Say the light you want is say 5 x 60W bulbs it is a straight replacement for the existing fitting - 10A breaker would be ok for upto 2300W (at 230v)
 
Can soembody explain the wiring there aswell there are loads of wires that come out of the two fuse boxes and the tripper, and jinj so if i dont have any probs with the breaker will there be any issues with fuses or am i being stupid

thx rf for speedy reply aswell
 
All the wires feed different circuits around the house. You will probably find that there are more wires than fuses as a ring circuit (for sockets) will have two cables per fuse.

mo2 said:
so if i dont have any probs with the breaker will there be any issues with fuses

You do not actually have any fuses in you new consumer unit. Breaker is an abreviation of Minature Circuit Breaker (MCB), which are fitted as standard these days instead of fuses.
 
RF Lighting said:
All the wires feed different circuits around the house. You will probably find that there are more wires than fuses as a ring circuit (for sockets) will have two cables per fuse.

mo2 said:
so if i dont have any probs with the breaker will there be any issues with fuses

You do not actually have any fuses in you new consumer unit. Breaker is an abreviation of Minature Circuit Breaker (MCB), which are fitted as standard these days instead of fuses.

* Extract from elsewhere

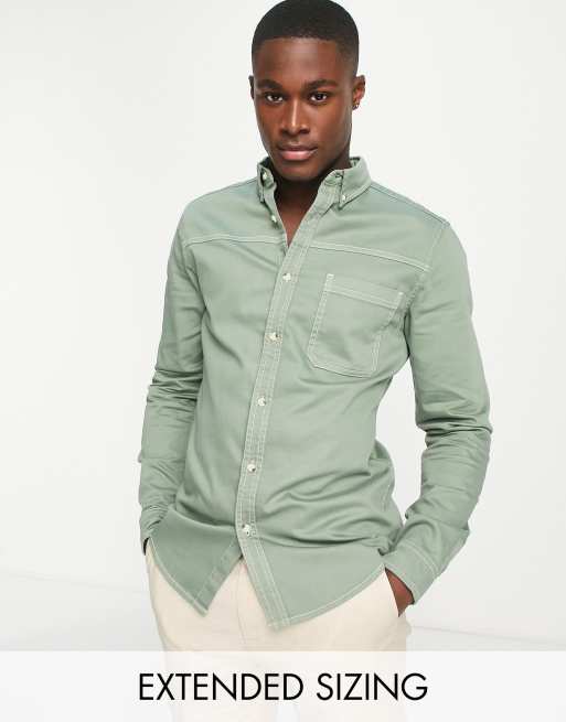 ASOS DESIGN – Eng geschnittenes Jeanshemd in Salbeigrün

Thank you for clearing that up for me, what are the red switches in the tripper for?
 
The two red switches are actually joined together and operate as one. This is a double pole isolator (your main switch) which will disconnect the power to everything connected to that particular consumer unit. It is the same as the main switch on your older fuse boxes (red switch on right hand side of top two fuse boxes). It is red so it can easily be identified in an emergency.